That fire call came in Friday around 2:30 a.m., and when Engine 38's fire truck wouldn't start, fire fighters from Engine 16 - about seven minutes away - had to answer the call.

Fire fighters from Engine 38 then decided to go to another station in New Orleans East to pick up a reserve truck.

"They got there, and guess what? That fire truck wouldn't start. From 2:30 last night until right now, so 12 hours, all the people in this area have not had fire protection like they should. That's a shame and it's dangerous," Felton said.

Felton said it's just one example of a much bigger problem across the city.

"It's a danger. Fire fighters have been working fires where the pumps have stopped. Imagine if this truck would have been at a fire and all of a sudden it broke down? It stopped pumping water? That would endanger fire fighters, but for some reason it's not on their priority list," Felton said.

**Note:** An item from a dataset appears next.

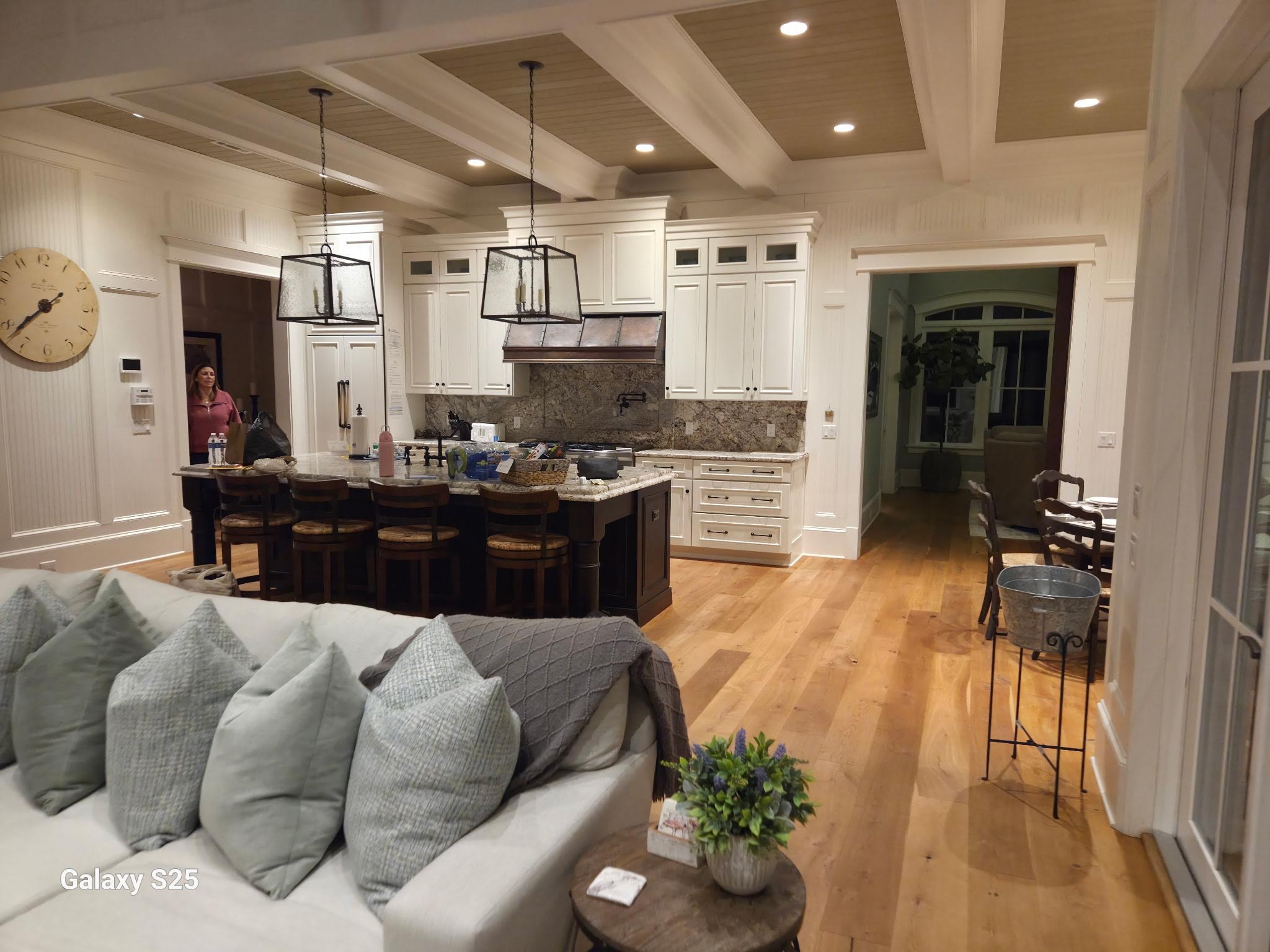 The chef's kitchen boasts high-end appliances, including a gas range and pot filler, perfect for cooking family meals or entertaining. Adjacent to the kitchen, the dining area features a large table for group dinners, while the kitchen island provides additional seating.

"We will be going to bid next week to purchase new trucks," NOFD Chief Tim McConnell said.

McConnell said bidding will begin next week to purchase brand new trucks. He said those trucks will have to be custom built, and he admits it will likely take five to six years before a new fleet will be in service. He said it's unclear exactly how many new trucks will be purchased.

"Unfortunately, we're dealing with a fleet that we inherited that is in very, very poor condition. We do manage to do a good job, and I want to give thanks to the members of the maintenance division and members of the fire division that help out getting this done," McConnell said.

Felton, though, said fire fighters feel forgotten and they worry about their safety using the current equipment.

"We've got to think about where our priorities lie. I think we can do that, but we have to take the personality out of it. We've got to make sure that at the end of the day we keep the citizens safe and the fire fighters safe," Felton said.

Around 2:30 Friday afternoon, the fire house in the Freret neighborhood received a reserve fire truck and is now answering calls again.

The broken down truck had to be towed away.